SALÒ, Pietro di Lorenzo da

(b. ~1510 ?, d. ~1570 Venezia)

Italian sculptor, part of a family of sculptors. He worked in Venice and Padua. His style principally shows the influence of his teacher, Jacopo Sansovino, but also derives from that of Alessandro Vittoria and Danese Cattaneo. Two records of payment exist, from 4 July 1535 and 5 July 1549, for some unspecified works carried out at the Scuola Grande di San Rocco, Venice, and in 1536 he executed and signed the statue of Mars for Doge Andrea Gritti’s balcony at the Doge’s Palace. Further works there include two chimneys executed in 1553-54 in collaboration with Danese Cattaneo.

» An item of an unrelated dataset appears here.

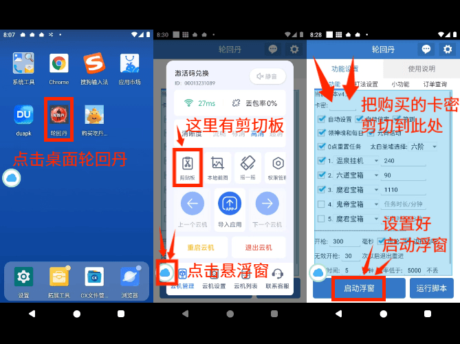 4.打开你的脚本,填入卡密(云机的小云朵悬浮窗,里面有剪切板可以粘帖),设置你要执行的功能,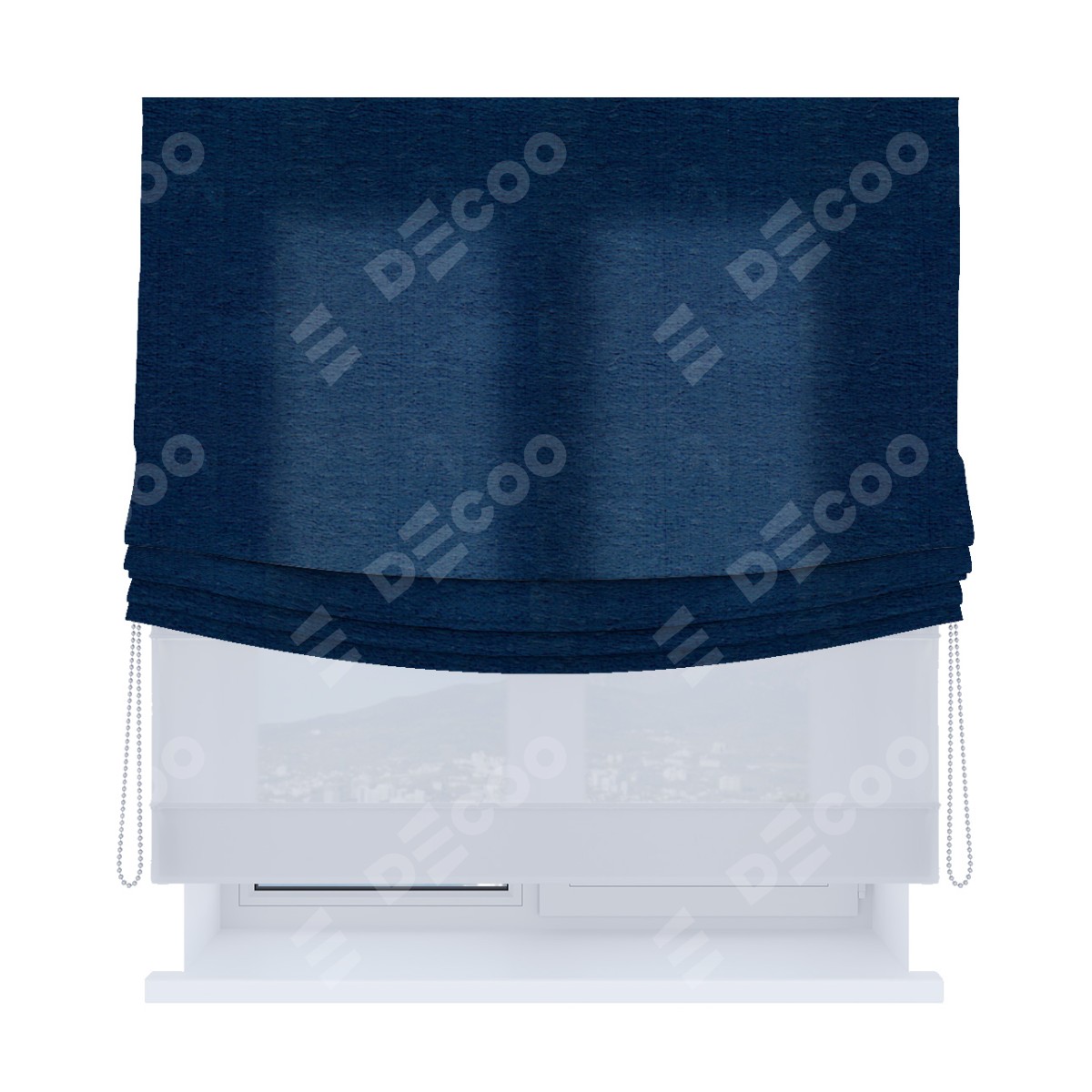 Римская штора день-ночь производителя «Cortin», используется для проёма, пошита из двух полотен, с лицевой стороны софт однотонный синий артикул 42937, вторая ткань тюль (по стандарту комплектуется тюль белого цвета артикул V-01). Имеет универсальный механизм и подходит для монтажа: на потолок, на стену и в нишу. Удобное управление каждой шторой отдельно.

From 1557 Pietro also worked on figural decorations on the façade of the library of St Mark’s. In 1554 he competed unsuccessfully for the prestigious office of Proto al Sal (Master Builder of the Doge’s Palace). Besides state commissions he executed a portrait bust for the tomb of Pietro Lando (c. 1545; untraced) and some of the figure sculpture for the tomb of Alessandro Contarini (1555-58; Padua, Sant’Antonio). His son Domenico di Pietro da Salò (active Venice, 1542-1571) was also a pupil of Sansovino.

St George Fighting the Dragon
St George Fighting the Dragon by

St George Fighting the Dragon

There are still reliefs showing St George on many buildings in Venice, showing that they once belonged to the abbey of San Giorgio Maggiore or the Scuola di San Giorgio degli Schiavoni. The relief commissioned by the Scuola from Sansovino’s pupil Pietro da Salò in 1551 outdid these older works in its high degree of plasticity and the entirely new dynamic of the depiction of the battle. The relief must have created a sensation even before its installation, attracting the attention of Venetian artists and connoisseurs, among them Tintoretto, who made use of Pietro da Salò’s composition in his own St George and the Dragon.